The rally gained momentum after a string of economic releases painted a picture of moderating growth that could give the Fed room to ease policy. Private payrolls data showed a cooling labour market, retail sales rose only modestly in September, and consumer confidence dropped by the most in seven months. Perhaps most significantly, the benchmark 10-year Treasury yield briefly dipped below 4 per cent for the first time in recent sessions, settling at 4.00 per cent.
Adding fuel to the rate-cut narrative, Kevin Hassett emerged as the leading candidate to potentially succeed Jerome Powell as Fed chair next year. Hassett, who serves as White House National Economic Council director, has previously argued for more aggressive rate cuts, including a potential 50 basis point reduction.
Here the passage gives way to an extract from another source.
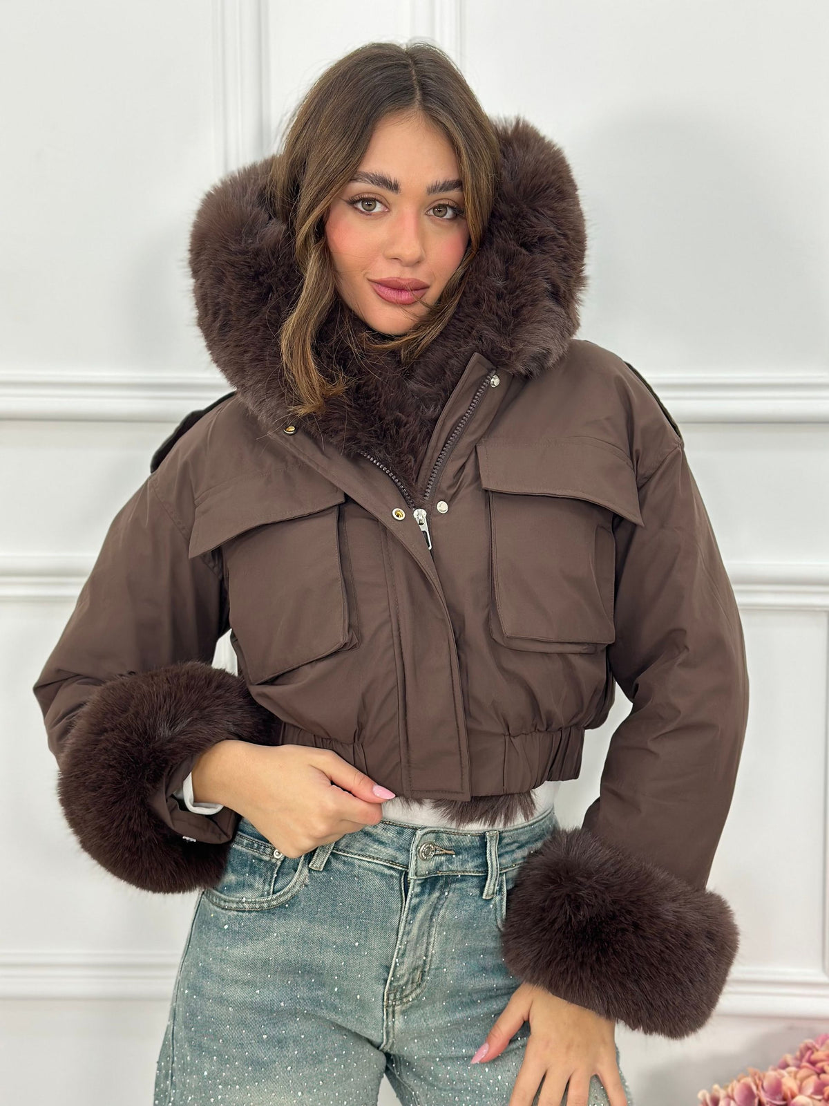 Giubbotto Crop Top Quality J8526 - Coffee / M/L

The technology sector saw diverging fortunes as questions about AI infrastructure spending continue to swirl. Alphabet surged towards a $4 trillion valuation, extending its five-day gain to more than 11 per cent. However, Nvidia slipped 3 per cent after reports that Meta Platforms is considering billions in spending on Google’s AI chips, though portfolio managers remained sanguine about the chipmaker’s longer-term prospects.
Europe
European bourses caught a bid on reports that Ukraine had agreed to terms for a potential peace deal with Russia, lifting the Stoxx 600 by 0.9 per cent. The news provided particular support for sectors sensitive to geopolitical risk, with the UBS Ukraine Ceasefire basket jumping 2.2 per cent.
UK banks outperformed as concerns about potential tax increases in the upcoming budget eased, with Lloyds advancing 3.8 per cent. Dutch lender ABN Amro surged 6.5 per cent after its new chief executive outlined plans to boost profitability through job cuts and operational improvements.
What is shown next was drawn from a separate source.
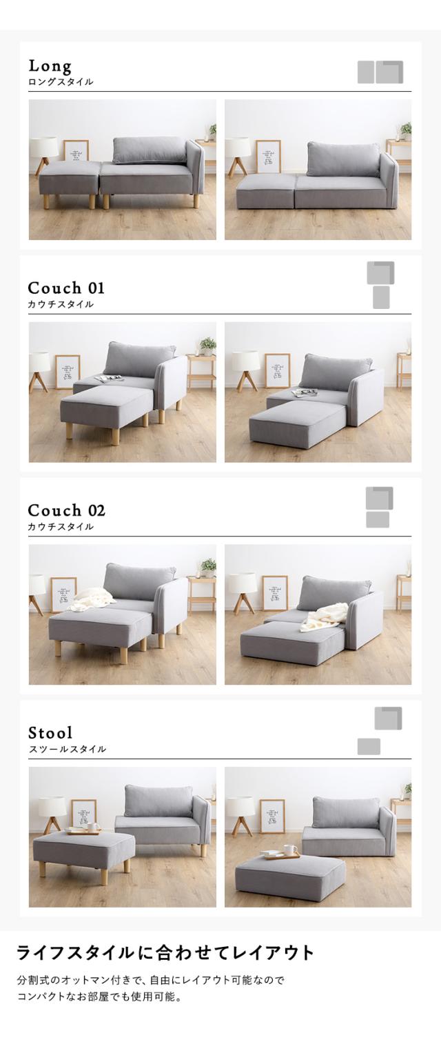 分割できるオットマンのセットで、お部屋のサイズやライフスタイルに合わせてレイアウト可能です。

The retail sector found support from Kingfisher, which rallied 6 per cent after raising its guidance. Meanwhile, pharmaceutical giant Novo Nordisk climbed 4.5 per cent on positive headline results from trials of its next-generation diabetes treatment.
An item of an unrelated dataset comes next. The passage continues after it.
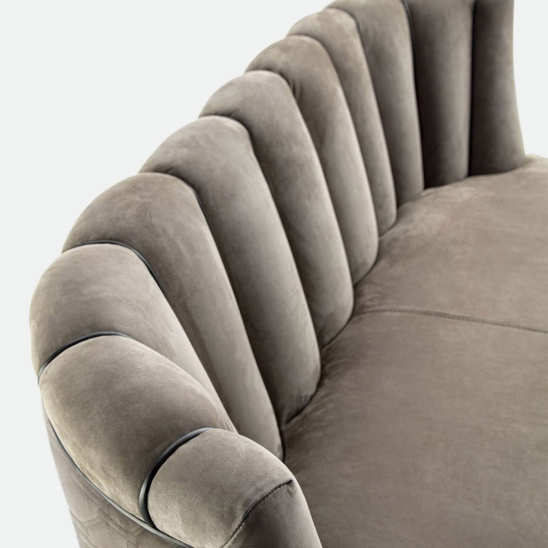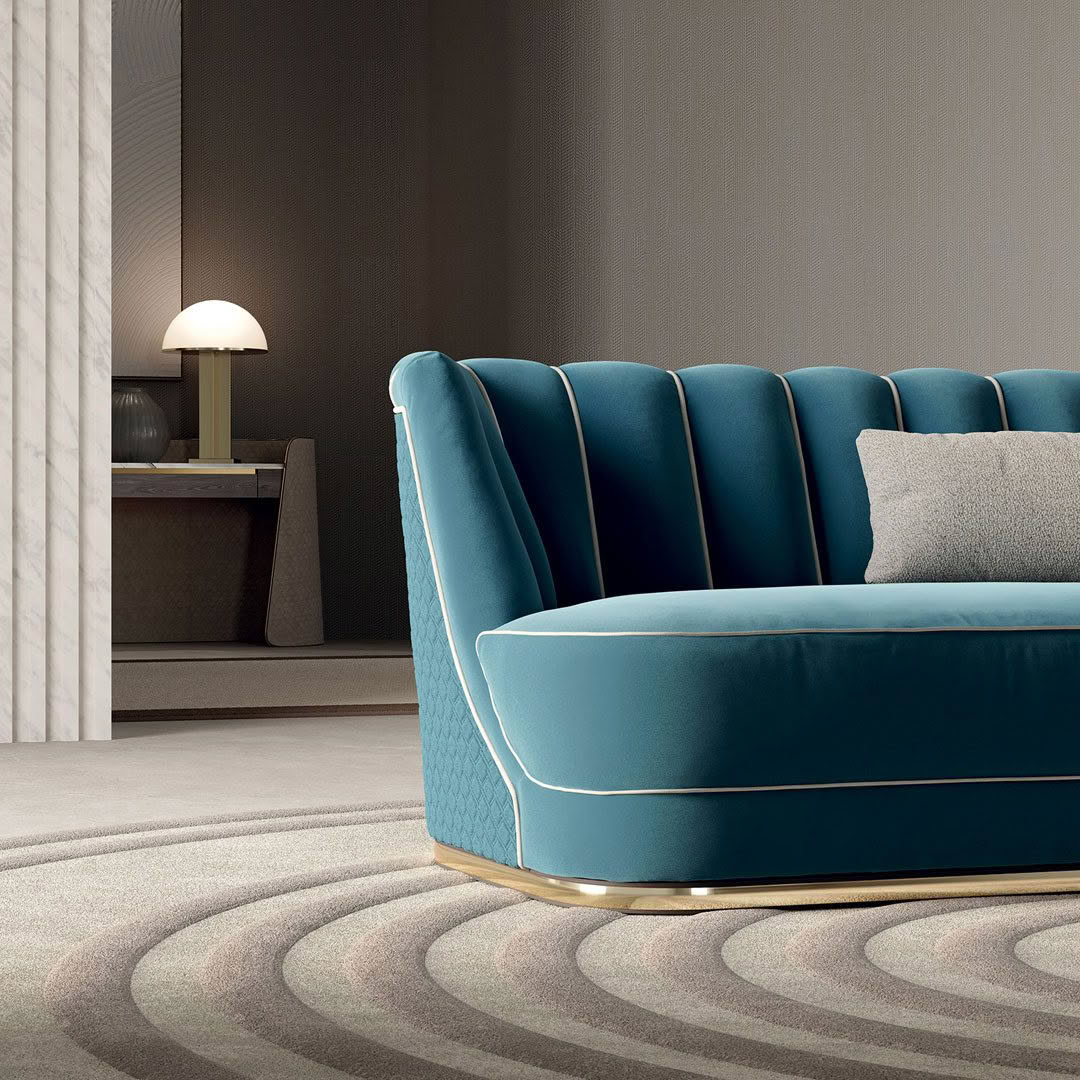 Bianca small sofa enhances Vittoria Frigerio’s ability to create unique furnishing elements with a luxurious style and generous proportions. Bianca sofa features a quilted backrest enriched internally by padded bands. A piping outlines the precious object, highlighted by the dense sartorial manufacturing. The final effect conveys softness, contrasting the sharp, defined lines of the base. Furthermore, the glossy gold or glossy bronze colour base is an extremely refined detail. A balance of rare craftsmanship for a compact and unique sofa.

Construction materials companies posted the best daily gain since June, with Heidelberg Materials soaring 6.6 per cent to a record close. The broad-based rally saw 17 of 20 major sector groups finish in positive territory, though energy stocks struggled as crude oil prices fell on the peace talk developments.
Australia
Local futures are pointing to a strong open for the ASX 200, with SPI contracts indicating a 1 per cent gain to around 8,633 points when trading commences. The positive setup comes ahead of the crucial monthly CPI release at 11:30am AEDT, with NAB expecting headline inflation of 3.6 per cent year-on-year.
Temple & Webster provided an early boost to sentiment, reporting an impressive 18 per cent lift in revenue for the July to November period. The online retailer continues to take market share, with its home improvement division posting standout growth above 40 per cent year-on-year.
Fisher & Paykel Healthcare delivered strong first-half results across the Tasman, with net profit jumping 39 per cent and prompting an upgrade to full-year guidance. The respiratory equipment maker now expects fiscal 2026 net profit between NZ$410 million and NZ$460 million.
On the corporate front, Brookfield and Singapore’s GIC are reportedly preparing a multi-billion dollar buyout bid for National Storage, with sources suggesting the offer price could be pegged close to net tangible assets. Harvey Norman, Liontown Resources and Megaport are among companies holding annual meetings today.
Commodities and currencies
Commodity markets reflected the mixed signals from geopolitical developments and economic data. Crude oil tumbled to monthly lows, with Brent futures dropping 1.5 per cent to US$62.44 per barrel as traders weighed the possibility that Russian supply could remain in global markets following any peace agreement.
Base metals took a different view, with copper prices rising on expectations that reduced geopolitical tensions could boost industrial demand. Iron ore edged 0.7 per cent higher to US$105.75 per tonne, providing support for Australian mining giants.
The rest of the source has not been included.